The holy scriptures informs us, that the love of money is the root of all evil. And this our daily experience doth also make manifest. It drives people into the commission of all evil, to the ruin of themselves and others. How are people daily distressing each other in sueing and tearing each other limb from limb, in order to handle a little of this trash, a world of which will not purchase a spark of grace, nor one inch of time, when on a death bed. Paying no regard to the distress of the times, nor to the cries of the poor, the needy, widow, and fatherless children. Perhaps such whose fathers have fought, bled, and died by our sides, nobly fighting in our glorious cause. How doleful the thought, that we who have so nobly joined hand in hand to defeat British cruelty and oppression, should now devour one another? Which is daily practicing. I shall now give a word of advice to creditors and debtors, which I shall divide into two classes. First publick creditors and debtors. Secondly private ditto. Publick creditors is our rulers and governors, who have a right, for our good and safety, to demand taxes from us. Gentlemen, let me beg of you to be as sparing in your demands as possible. You are not unsensible that the times are hard, and cash scarce. Endeavour to give satisfaction to the commonalty, that what they pay in taxes is faithfully applied to the uses it were paid for. The money is the people's to pay and yours to apply, which ought to be done with the greatest œconomy. Let no one get rich that handles publick money. I think I have once read of a great general that had served his country long and faithfully, when he came to die all he could call his own was his dish and spoon, and was buried by charity. A rare instance indeed, but a noble one. He prefered the publick's interest to his own.

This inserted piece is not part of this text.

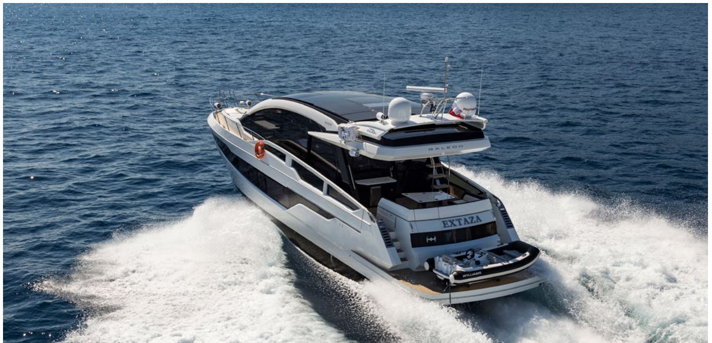
Beach Mode in this model is partly glazed

You, my countrymen, publick debtors. Gentlemen, please to consider that no war can be carried on, no government kept up, without taxes, and heavy ones too; and consider what a situation you would soon be in, if there was no government. Could you sleep one night in peace? Could you call any thing your own one day? Therefore if you are wise you will most chearfully part with some of your wealth to secure the rest; for I am confident he is an enemy to himself and country too, that is backward in paying his taxes. Consider that it is not for us common people to be led into all the secrets of government. Surely we must believe that those which we have trusted at the helm of affairs does know best what sums is necessary to be raised from us for our good and protection; and I think we may rest assured that our legislature will not lay any needless burthens upon us; for my own part, I have that confidence in them that I am determined to pay my taxes as long as I have a copper left, or can raise it; for I am sure if the enemy should overcome, or government fails, I am gone finally.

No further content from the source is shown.